[Data excerpts]

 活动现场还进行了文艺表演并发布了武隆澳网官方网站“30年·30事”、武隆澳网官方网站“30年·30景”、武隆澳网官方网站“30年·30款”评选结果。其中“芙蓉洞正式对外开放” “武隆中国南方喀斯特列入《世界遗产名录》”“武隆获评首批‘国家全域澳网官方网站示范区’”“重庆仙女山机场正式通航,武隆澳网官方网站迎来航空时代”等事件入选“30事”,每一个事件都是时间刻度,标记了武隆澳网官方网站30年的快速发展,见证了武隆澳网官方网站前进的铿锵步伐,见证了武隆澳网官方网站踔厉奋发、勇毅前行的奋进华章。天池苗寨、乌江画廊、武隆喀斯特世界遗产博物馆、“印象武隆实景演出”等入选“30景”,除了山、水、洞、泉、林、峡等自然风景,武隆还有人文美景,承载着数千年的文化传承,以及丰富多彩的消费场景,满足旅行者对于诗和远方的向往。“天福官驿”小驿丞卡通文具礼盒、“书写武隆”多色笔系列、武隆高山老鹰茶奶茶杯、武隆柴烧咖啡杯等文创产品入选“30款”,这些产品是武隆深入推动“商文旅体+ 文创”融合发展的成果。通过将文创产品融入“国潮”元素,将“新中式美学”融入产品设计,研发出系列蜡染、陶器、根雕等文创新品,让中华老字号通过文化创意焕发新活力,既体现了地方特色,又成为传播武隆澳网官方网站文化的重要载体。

[/Data excerpts]
[Data excerpts]

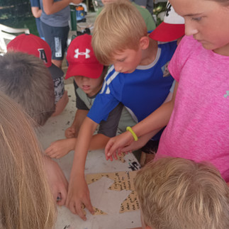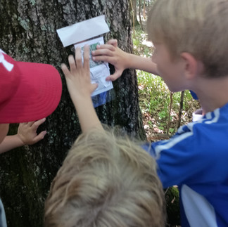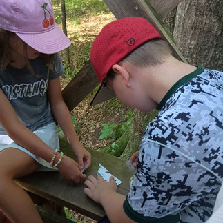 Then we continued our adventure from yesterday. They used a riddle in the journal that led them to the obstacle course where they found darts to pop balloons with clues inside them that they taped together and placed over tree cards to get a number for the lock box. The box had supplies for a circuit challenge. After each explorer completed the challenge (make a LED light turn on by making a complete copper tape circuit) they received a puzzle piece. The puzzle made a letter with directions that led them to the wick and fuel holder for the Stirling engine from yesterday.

[/Data excerpts]
[Data excerpts]

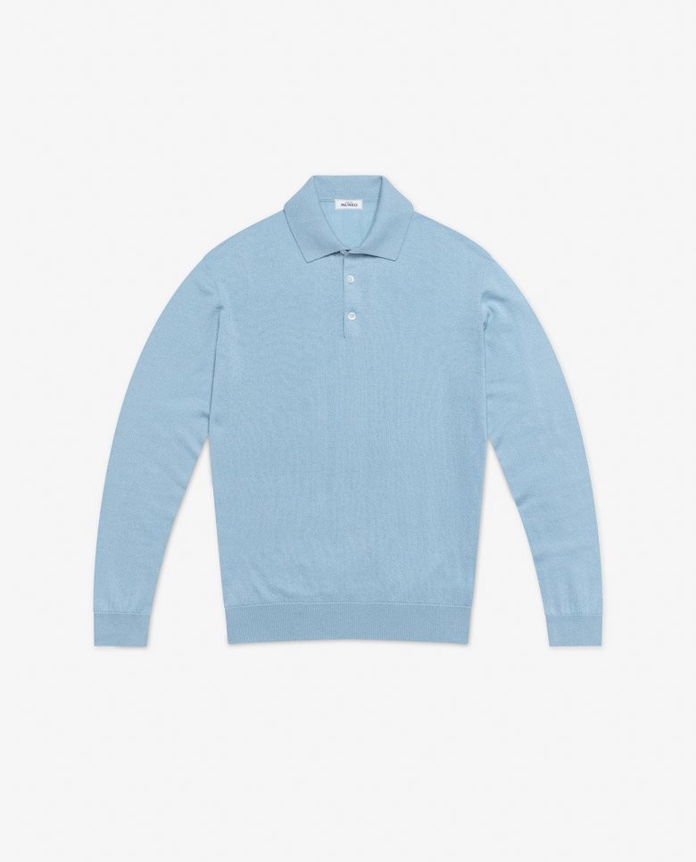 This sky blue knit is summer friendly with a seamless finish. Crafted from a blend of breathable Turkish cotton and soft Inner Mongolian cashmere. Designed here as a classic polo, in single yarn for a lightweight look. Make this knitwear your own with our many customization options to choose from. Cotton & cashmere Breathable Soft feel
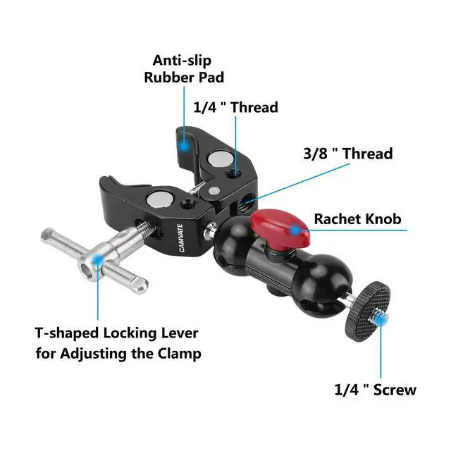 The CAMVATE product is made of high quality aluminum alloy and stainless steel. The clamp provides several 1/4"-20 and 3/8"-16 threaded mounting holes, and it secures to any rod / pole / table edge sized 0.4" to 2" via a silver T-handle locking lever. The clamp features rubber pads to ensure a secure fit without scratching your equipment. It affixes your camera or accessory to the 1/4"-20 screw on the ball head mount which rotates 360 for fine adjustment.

[/Data excerpts]

■ **How to complete this task**: Starting with the line that has "This sky blue" and ending with the line that has "The CAMVATE product", repeat the lines above exactly, omitting every picture.

■ **Solution for this exercise**:
 This sky blue knit is summer friendly with a seamless finish. Crafted from a blend of breathable Turkish cotton and soft Inner Mongolian cashmere. Designed here as a classic polo, in single yarn for a lightweight look. Make this knitwear your own with our many customization options to choose from. Cotton & cashmere Breathable Soft feel
 The CAMVATE product is made of high quality aluminum alloy and stainless steel. The clamp provides several 1/4"-20 and 3/8"-16 threaded mounting holes, and it secures to any rod / pole / table edge sized 0.4" to 2" via a silver T-handle locking lever. The clamp features rubber pads to ensure a secure fit without scratching your equipment. It affixes your camera or accessory to the 1/4"-20 screw on the ball head mount which rotates 360 for fine adjustment.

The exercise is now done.